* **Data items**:
- - -

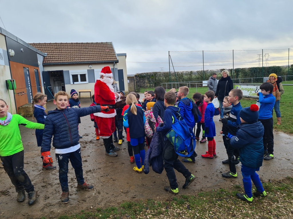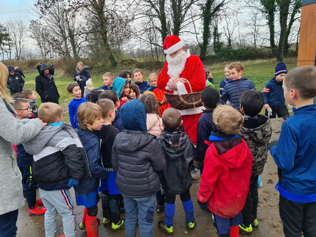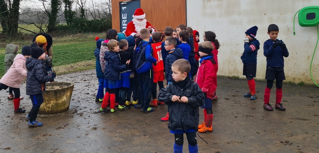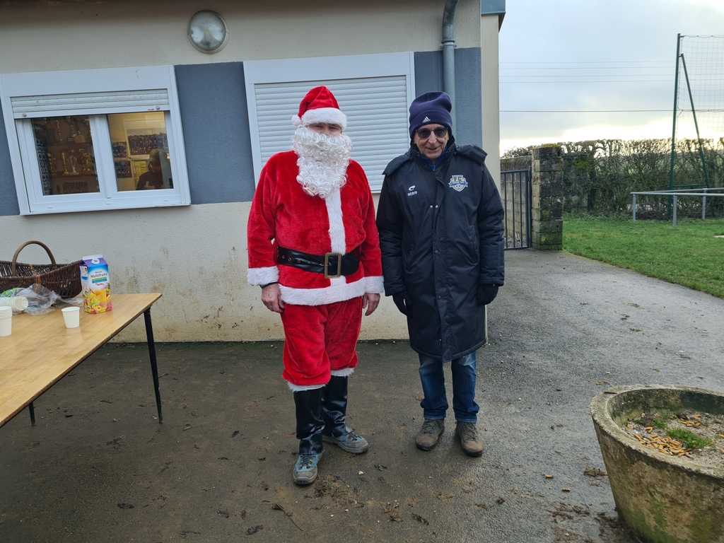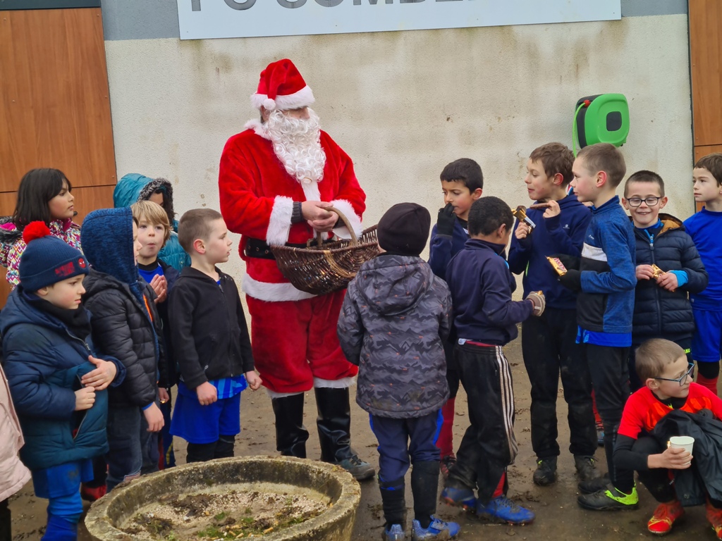 L’entraînement des U7 et U9 touchait à sa fin lorsqu’une figure emblématique a franchi la porte du stade de l’Epine – Marcel David ! Le Père Noël en personne est venu rendre visite à nos petits footballeurs en herbe. Et il s’est montré très généreux, distribuant bonbons et papillotes à nos jeunes bambins. Après avoir pris la pose pour la photo souvenir, le héros du jour s’est éclipsé discrètement pour poursuivre sa tournée. Une bien belle journée pour nos jeunes footeux !
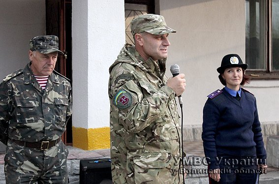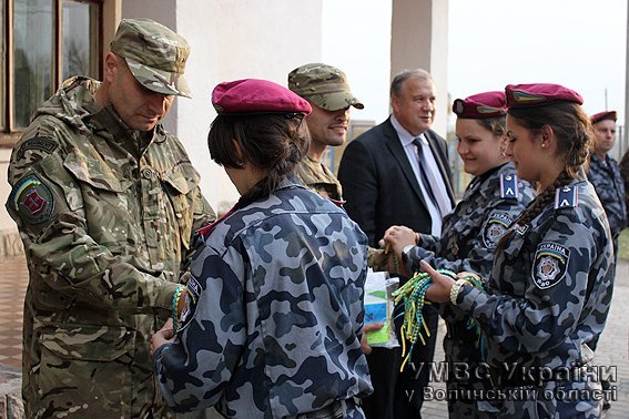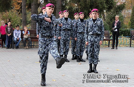 Як ідеться в повідомленні, вихованці Луцького навчально-виховного комплексу “Загальноосвітня школа І-ІІІ ступенів – правознавчий ліцей з посиленою фізичною підготовкою” очікували цей день по-особливому. Вишикувавшись на плацу, майбутні правоохоронці чекали на тих, хто в непростих умовах війни, ризикуючи життям, боронить на Сході незалежність і територіальну цілісність. Вигуками «Слава Україні! Героям Слава» розпочалася урочиста лінійка, яку керівництво навчального закладу ініціювало з приводу зустрічі командира роти особливого призначення «Світязь» капітана міліції Олександра Фацевича та його заступника лейтенанта міліції Ігоря Дрючана.
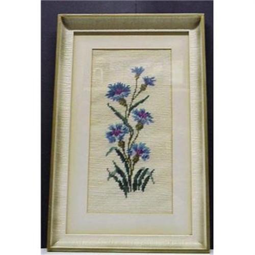 THIS IS LOVELY FRAMED WITH GLASS NEEDLEWORK PICTURE, DEPICTING PRETTY CORNFLOWERS, THIS IS QUALITY PROFESSIONALY FRAMED PICTURE BY ONE OF THE PICTURE GALLERIES IN CANADA, label on the back of the picture, FRAME IS MADE FROM WOOD FINISHED IN ANTIQUE WHITE WITH GOLD ACCENTS, PICTURE IS READY TO BE DISPLAYED, MEASURES ABOUT 18" X 11 1/4" EXCELLENT CONDITION, US BUYER TO PAY 12.00 FOR SHIPPING (heavy) PLUS INSURANCE.THANKS
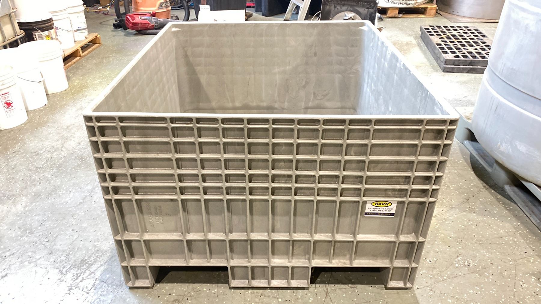 BUCKHORN MADE IN USA GREY INDUSTRIAL HARD PLASTIC PALLET BIN 4' X 44" X 24" INTERNAL 29 1/2"
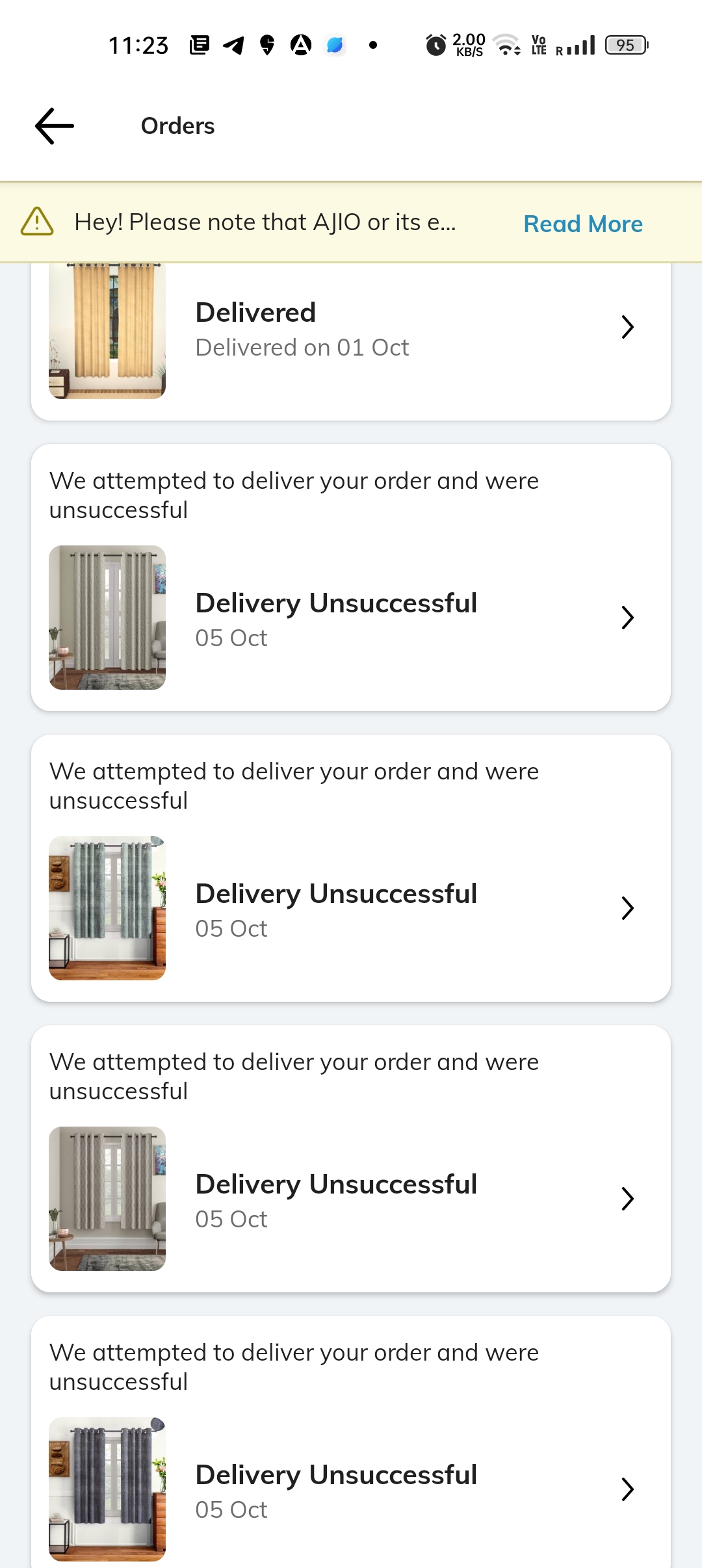 I ordered a product from ajio. One of the product was delivered on 1st Oct. Other products expected delivery was 4th Oct. On 4th Oct the seller cancelled the delivery for other products. I want my order at the same price
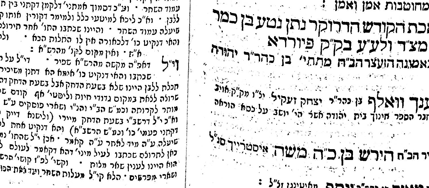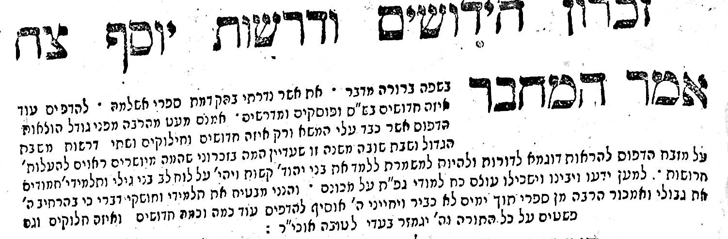 In the introduction, Rabbi Steinhardt decries the Chassidim, who were beginning to spread out during that period. Written in the month of Nissan 1773, the introduction references Zamir Aritzim V’Charavot Tzurim (“To prune and cut down all thorns … that surround the rose.”), the first and very controversial anti-Chassidic work published in 1772. Rabbi Steinhardt condemns those “who make most of their days festivals, who chirp and make noises during their prayers, emit various strange sounds, and change many customs.” In his vehement denunciation of Chassidus, he goes so far as to label it a cult. He writes, “There is no respite from them… they make most of their days holidays… their prayers are unbearable to the ears… they produce various noises… like a monkey to man… G-d save us from them.” He also mentions those who came to reside in Germany, referring to the brothers Rabbi Shmelke of Nikolsburg and Rabbi Pinchas Horowitz, the author of Sefer Haflaa, followers of the Maggid of Mezeritch, who were appointed rabbis in Germany.
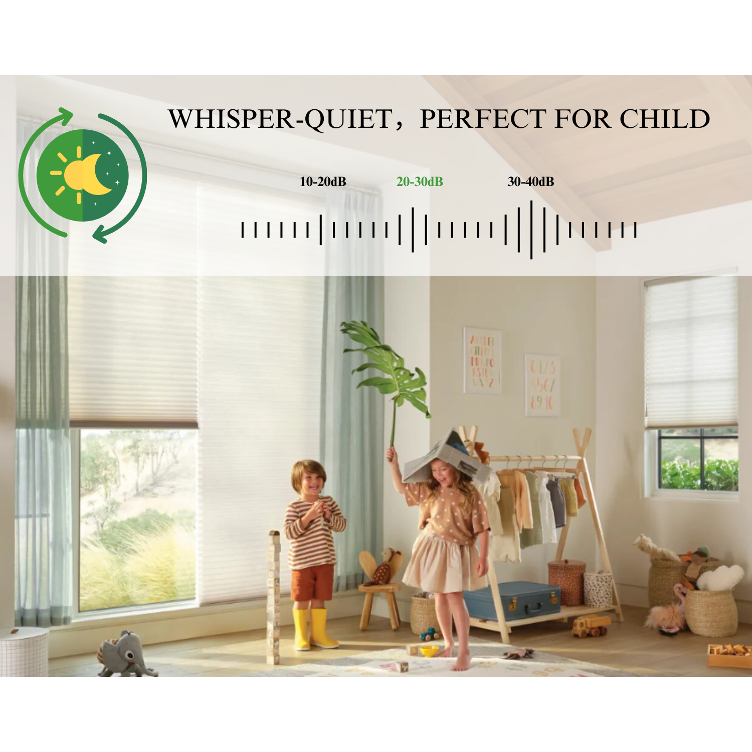 - Our electric cellular shades are engineered to operate with minimal noise, customizable to your preference within a range of 20-30dB.

- - -

* **TASK**:
All records are to be reproduced exactly; the pictures are to be omitted.

* **REPLY TO THE TASK**:
 L’entraînement des U7 et U9 touchait à sa fin lorsqu’une figure emblématique a franchi la porte du stade de l’Epine – Marcel David ! Le Père Noël en personne est venu rendre visite à nos petits footballeurs en herbe. Et il s’est montré très généreux, distribuant bonbons et papillotes à nos jeunes bambins. Après avoir pris la pose pour la photo souvenir, le héros du jour s’est éclipsé discrètement pour poursuivre sa tournée. Une bien belle journée pour nos jeunes footeux !
 Як ідеться в повідомленні, вихованці Луцького навчально-виховного комплексу “Загальноосвітня школа І-ІІІ ступенів – правознавчий ліцей з посиленою фізичною підготовкою” очікували цей день по-особливому. Вишикувавшись на плацу, майбутні правоохоронці чекали на тих, хто в непростих умовах війни, ризикуючи життям, боронить на Сході незалежність і територіальну цілісність. Вигуками «Слава Україні! Героям Слава» розпочалася урочиста лінійка, яку керівництво навчального закладу ініціювало з приводу зустрічі командира роти особливого призначення «Світязь» капітана міліції Олександра Фацевича та його заступника лейтенанта міліції Ігоря Дрючана.
 THIS IS LOVELY FRAMED WITH GLASS NEEDLEWORK PICTURE, DEPICTING PRETTY CORNFLOWERS, THIS IS QUALITY PROFESSIONALY FRAMED PICTURE BY ONE OF THE PICTURE GALLERIES IN CANADA, label on the back of the picture, FRAME IS MADE FROM WOOD FINISHED IN ANTIQUE WHITE WITH GOLD ACCENTS, PICTURE IS READY TO BE DISPLAYED, MEASURES ABOUT 18" X 11 1/4" EXCELLENT CONDITION, US BUYER TO PAY 12.00 FOR SHIPPING (heavy) PLUS INSURANCE.THANKS
 BUCKHORN MADE IN USA GREY INDUSTRIAL HARD PLASTIC PALLET BIN 4' X 44" X 24" INTERNAL 29 1/2"
 I ordered a product from ajio. One of the product was delivered on 1st Oct. Other products expected delivery was 4th Oct. On 4th Oct the seller cancelled the delivery for other products. I want my order at the same price
 In the introduction, Rabbi Steinhardt decries the Chassidim, who were beginning to spread out during that period. Written in the month of Nissan 1773, the introduction references Zamir Aritzim V’Charavot Tzurim (“To prune and cut down all thorns … that surround the rose.”), the first and very controversial anti-Chassidic work published in 1772. Rabbi Steinhardt condemns those “who make most of their days festivals, who chirp and make noises during their prayers, emit various strange sounds, and change many customs.” In his vehement denunciation of Chassidus, he goes so far as to label it a cult. He writes, “There is no respite from them… they make most of their days holidays… their prayers are unbearable to the ears… they produce various noises… like a monkey to man… G-d save us from them.” He also mentions those who came to reside in Germany, referring to the brothers Rabbi Shmelke of Nikolsburg and Rabbi Pinchas Horowitz, the author of Sefer Haflaa, followers of the Maggid of Mezeritch, who were appointed rabbis in Germany.
 - Our electric cellular shades are engineered to operate with minimal noise, customizable to your preference within a range of 20-30dB.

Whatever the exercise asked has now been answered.